◆ About this exercise:
Could you retype, exactly and with no pictures, only the lines from the first line of the records below through the line that contains "좋아하고, 마사지 볼"?

[Supplied data — start]

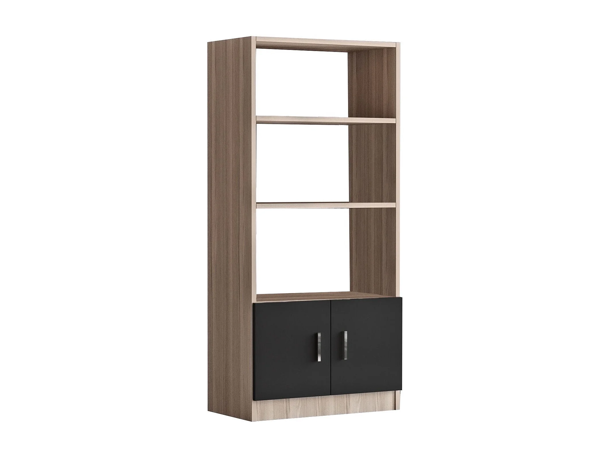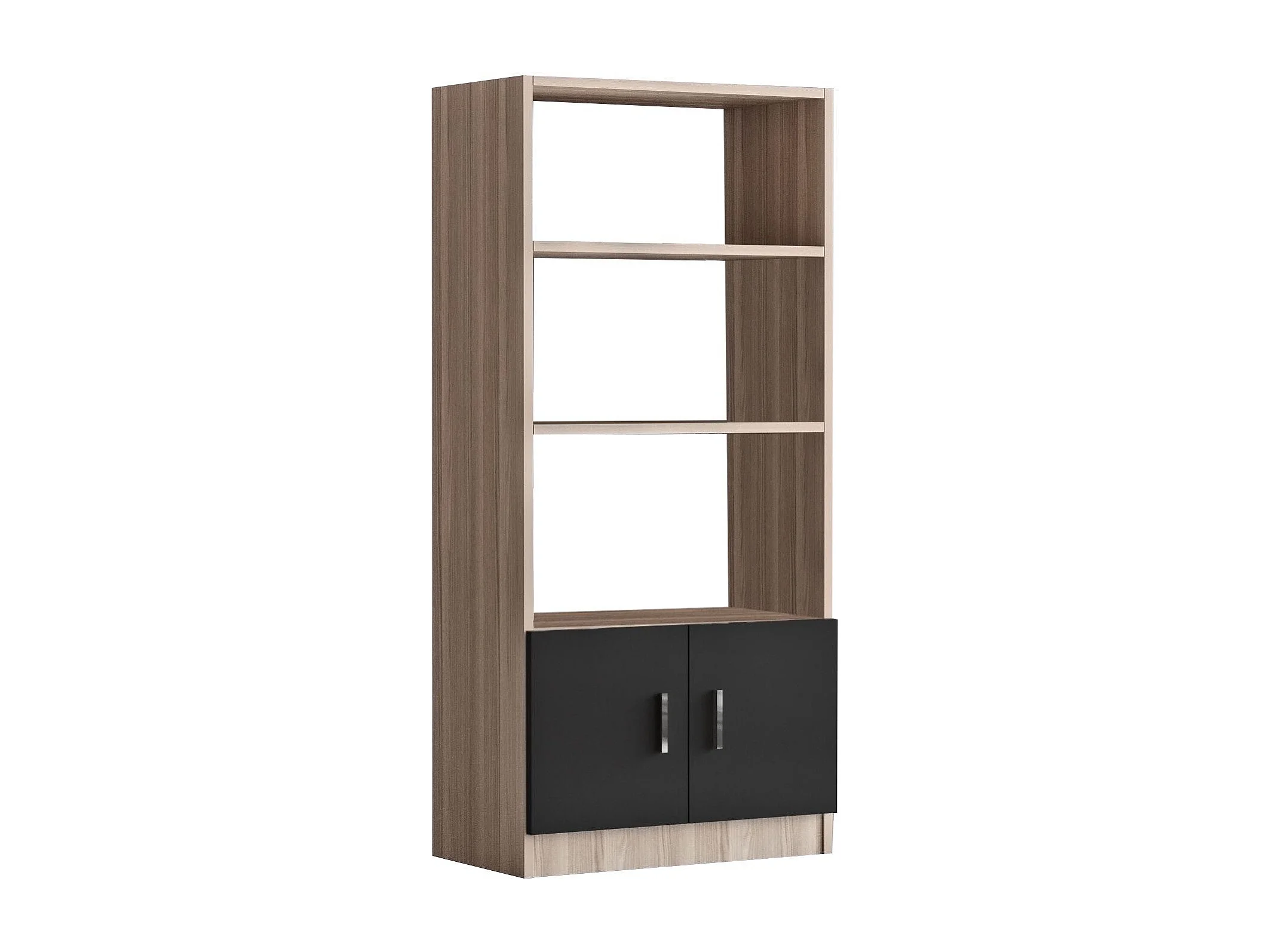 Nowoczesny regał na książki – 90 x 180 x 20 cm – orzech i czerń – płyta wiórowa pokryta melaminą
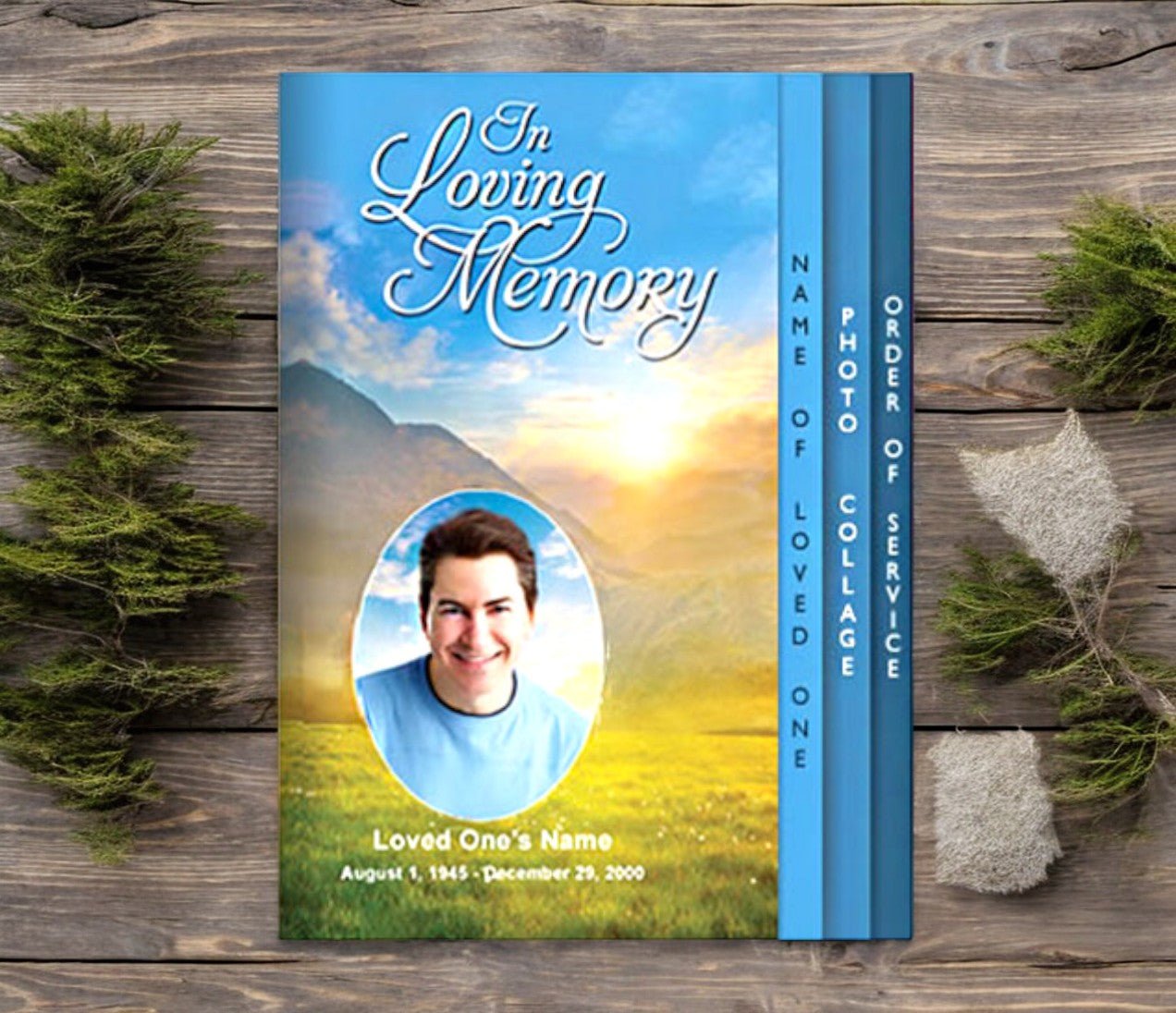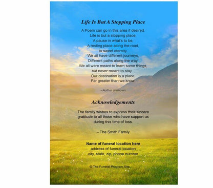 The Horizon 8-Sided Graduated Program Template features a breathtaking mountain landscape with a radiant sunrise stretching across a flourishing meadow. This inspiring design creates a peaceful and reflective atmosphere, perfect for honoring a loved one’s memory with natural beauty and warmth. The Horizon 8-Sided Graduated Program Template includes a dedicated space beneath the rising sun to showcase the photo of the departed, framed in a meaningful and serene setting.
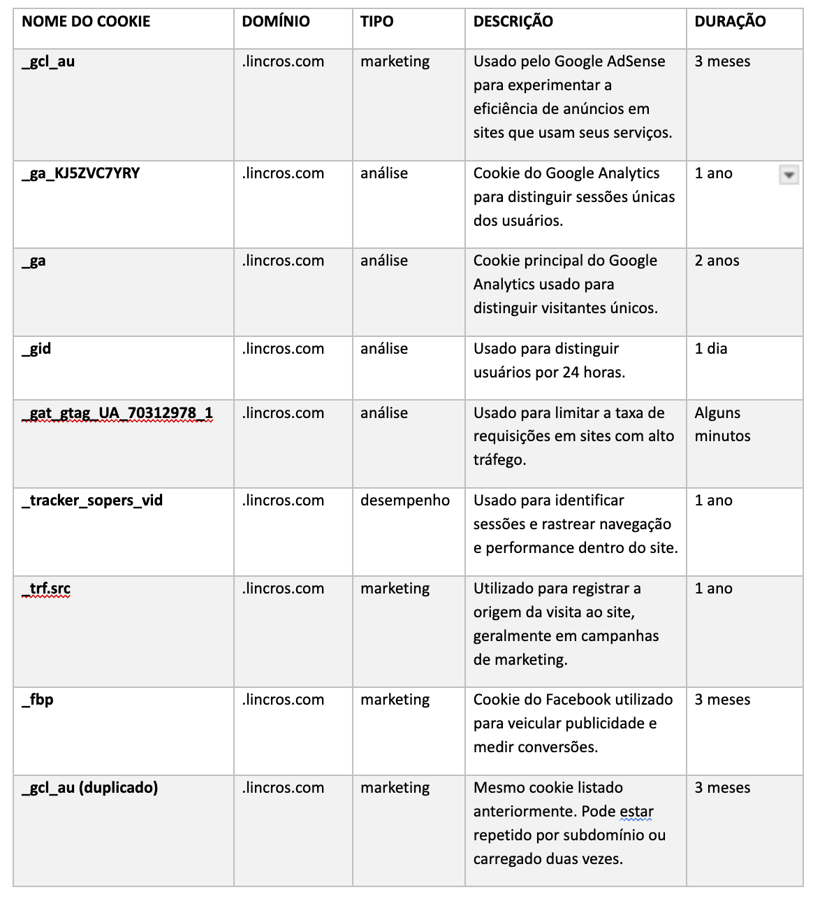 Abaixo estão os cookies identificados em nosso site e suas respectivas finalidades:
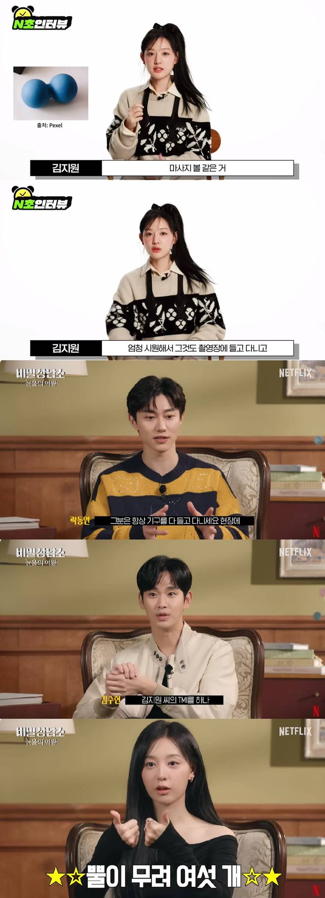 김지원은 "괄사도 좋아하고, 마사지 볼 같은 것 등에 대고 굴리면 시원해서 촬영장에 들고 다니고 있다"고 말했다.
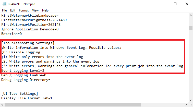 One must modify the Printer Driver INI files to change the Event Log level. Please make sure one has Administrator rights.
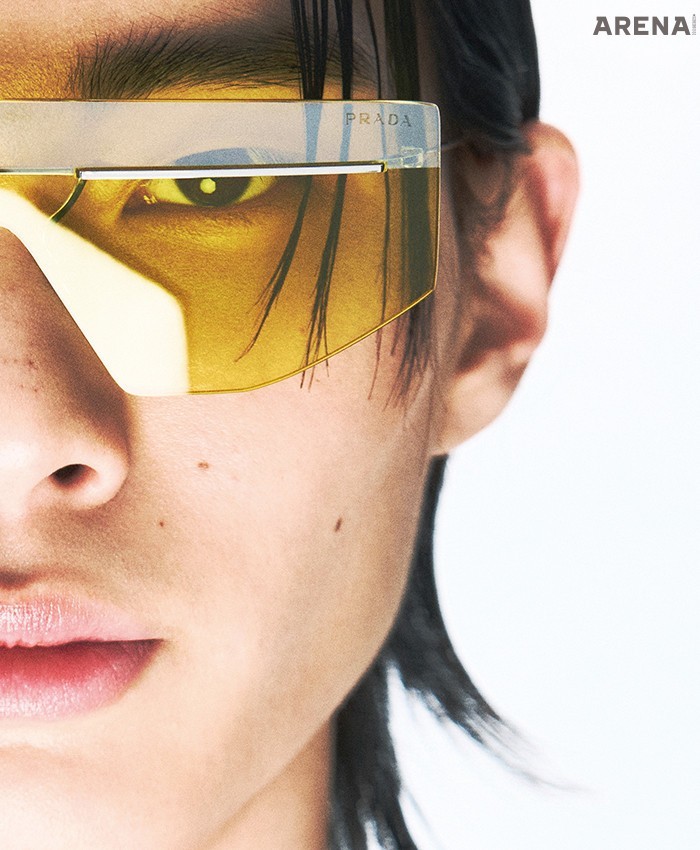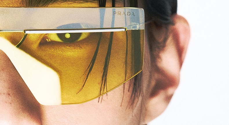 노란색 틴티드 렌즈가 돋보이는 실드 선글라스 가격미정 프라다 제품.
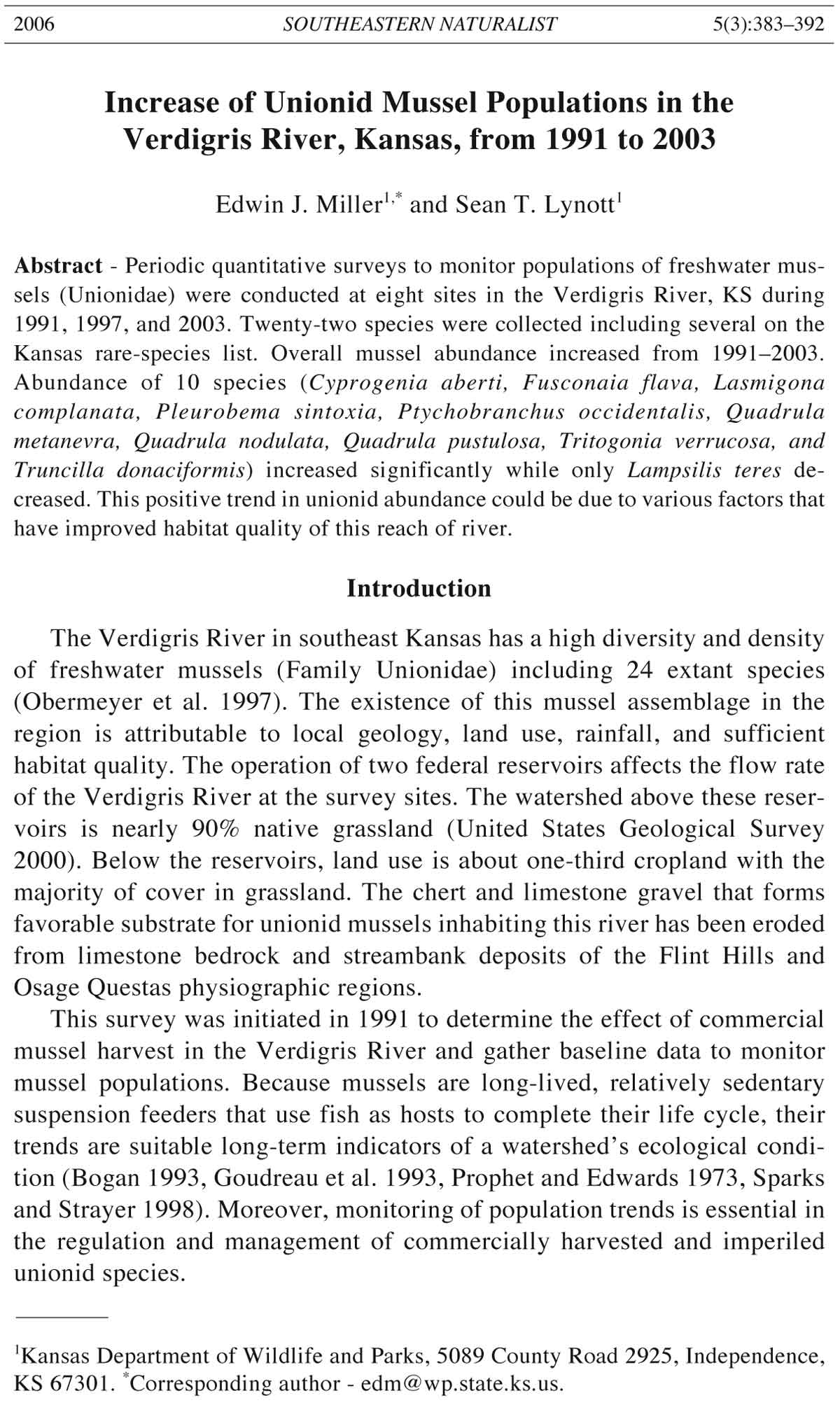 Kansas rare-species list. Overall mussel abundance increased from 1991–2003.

[Supplied data — finish]

◆ Result:
 Nowoczesny regał na książki – 90 x 180 x 20 cm – orzech i czerń – płyta wiórowa pokryta melaminą
 The Horizon 8-Sided Graduated Program Template features a breathtaking mountain landscape with a radiant sunrise stretching across a flourishing meadow. This inspiring design creates a peaceful and reflective atmosphere, perfect for honoring a loved one’s memory with natural beauty and warmth. The Horizon 8-Sided Graduated Program Template includes a dedicated space beneath the rising sun to showcase the photo of the departed, framed in a meaningful and serene setting.
 Abaixo estão os cookies identificados em nosso site e suas respectivas finalidades:
 김지원은 "괄사도 좋아하고, 마사지 볼 같은 것 등에 대고 굴리면 시원해서 촬영장에 들고 다니고 있다"고 말했다.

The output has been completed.